Bitcoin around the world

The United States recognised Bitcoins as a legitimate financial asset in 2012. Russia has announced its plans for creating its own cryptocurrency. Japan has started allowing Bitcoin as a legal online payment format. Australia, which used to impose penalising taxes on Bitcoin transactions, has recently decided to withdraw such penalties. The State Bank of India (SBI), India's largest government-owned bank, has announced that it will take the lead for launching a financial blockchain consortium -- blockchain is the technology behind Bitcoin and other digital currencies -- comprising private banks and tech companies.
Given that the digital currency technology is still in its infancy, early movers will have a definitive advantage towards capturing market share, as an entire global eco-system of digital currencies is expected to materialise in the future

Bangladesh and Bitcoin 

Bangladesh's official position around cryptocurrency mining, trading, and ownership remained rather dubious until as recently as December 27, 2017, when the Bangladesh Bank issued a circular essentially banning the use of Bitcoin. But before coming to that decision, the central bank was on the fence about it for a while. In 2014, according to a news piece by AFP, the central bank had stated that "Bitcoin is not a legal tender of any country. Any transaction through Bitcoin or any other cryptocurrency is a punishable offense."  Bangladesh Bank officials also told AFP that anyone found guilty of using Bitcoin could be sentenced to up to 12 years in jail!

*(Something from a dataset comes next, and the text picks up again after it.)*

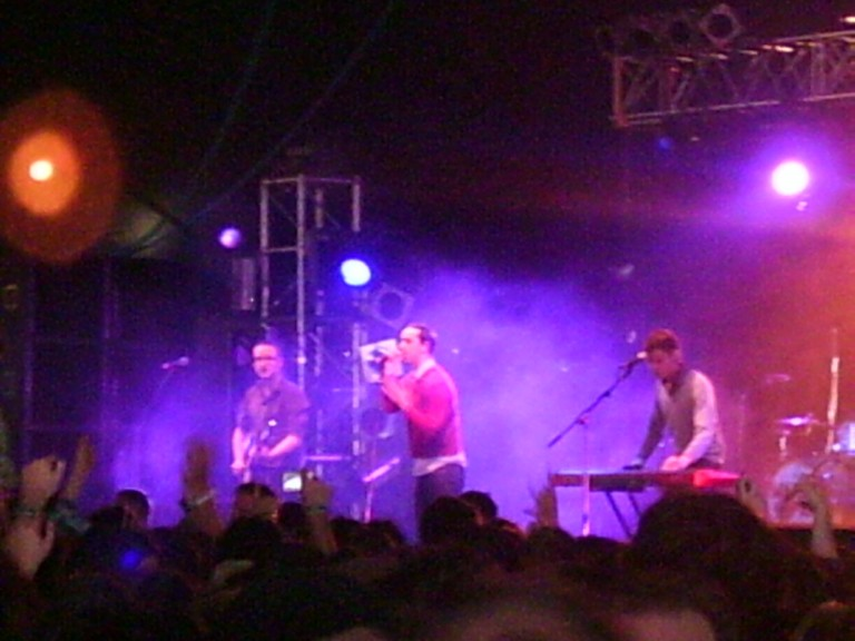 Maxïmo Park (Duncan Lloyd, Paul Smith, Lukas Wooller) at the Leeds Festival, England, in 2005
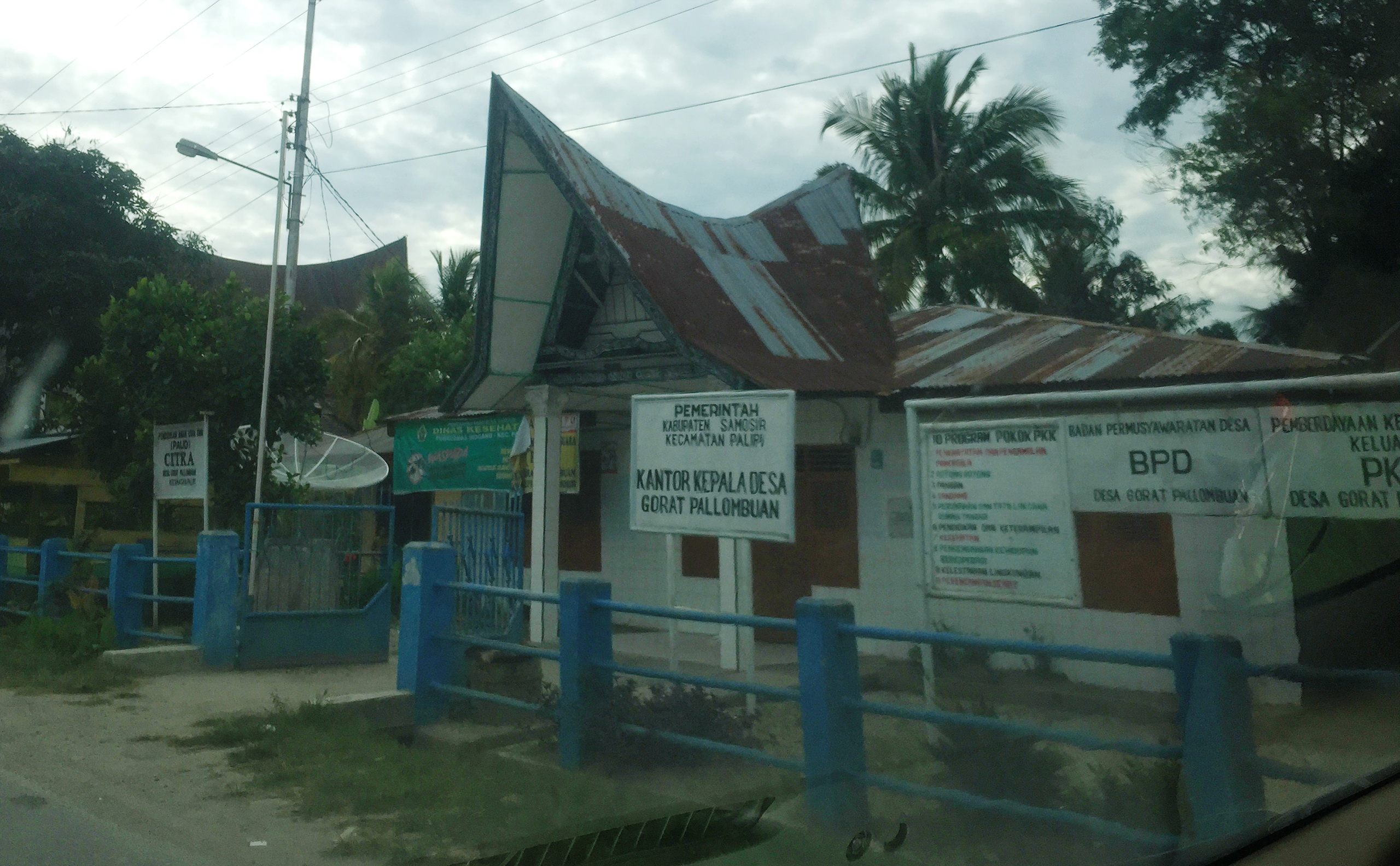 office of Gorat Pallombuan, Palipi, Samosir

Given the potential for such a harsh punishment, the above news by AFP made headlines in digital currency related websites at the time and on bulletin boards across the globe. More recently, a news piece from Dhaka Tribune quoting Bangladesh Bank Deputy Governor Bank SK Sur Chowdhury, suggested that Bangladesh was conducting research and reviewing the possibility of a digital currency of its own. Chowdhury was quoted in that news saying that the Bangladesh Bank "is not against the use of any technology but people’s well-being had to be ensured first...the matter of the issuance of cryptocurrency by the central bank in the country still needs lots of research as it has both good and bad sides. We are seriously thinking about it.” Then, making matters even more confusing, on December 24, 2017, the Bangladesh Bank on its official Facebook page posted a circular asking people to be cautious about transacting with digital currencies. And then finally, on December 27, the Bank declared Bitcoin transactions illegal – at least for now.

A bitcoin ATM is seen in Zurich, Switzerland December 19, 2017.      PHOTO: REUTERS

Are we missing the boat?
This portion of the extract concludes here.